The bill quadruples to $2000 the fine for failing to provide a census return, but removes the duty on Statistics to provide you with a census form. This risks people being penalised for obligations that they didn’t even know they had, or for failing to answer electronic censuses that they can’t access for technical or accessibility reasons. In particular, disabled people may be penalised for failure to complete a census form they are mentally or physically unable to understand or complete.
The Integrated Data Infrastructure (IDI) continues to grow in importance as a tool for aggregating and analysing data, but its basis and scope in law is not defined. If we’re going to revamp the old Statistics Act, shouldn’t we be including clauses that help define the use and limits of this important tool?
Why is there no Privacy Impact Assessment for a bill that is so intimately associated with private data and personal information? And where is the input from the privacy commissioner?
This is a bad and unbalanced bill that will result in Statistics New Zealand becoming what might be described as a ‘data laundry’. By that we mean: a place where the limited and specific purposes for data collection that government departments must have for collecting personal information from the public can be scrubbed away. This bill would enable information gathered for one purpose to be re-used for unspecified ‘research’ purposes at a later date.

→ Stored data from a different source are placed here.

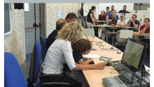
In braccio La ministra Lezzi con il figlio all'Unisalento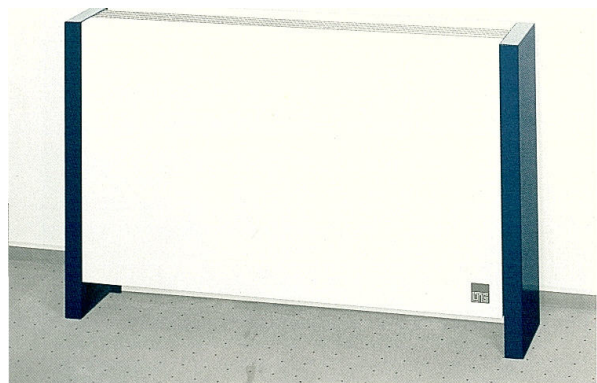
LTG omkasting, staal in RAL kleur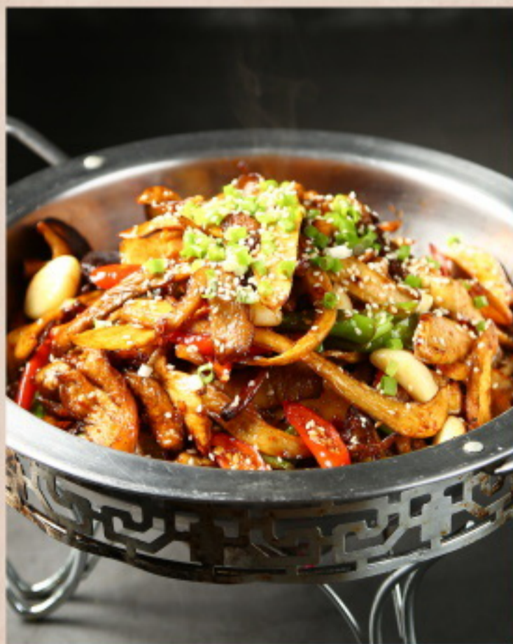
652 干锅肥肠 Scharf angebratener Schweinedickdarm mit verschiedenem Gemüse

The bill has raced down this path with little check on its ambition and it has embedded assumptions and methods that have gone too far to be brought back. We don’t believe it can be fixed by minor tweaking by the select committee (currently underway).
Rather, the bill needs to be sent back for a new approach, one that takes into account our civil liberties, our right to privacy, and the realities of the threats to these that the digitisation of society presents.
Working with civil society and privacy and information experts would produce a bill that would be more fit for purpose while protecting people’s rights.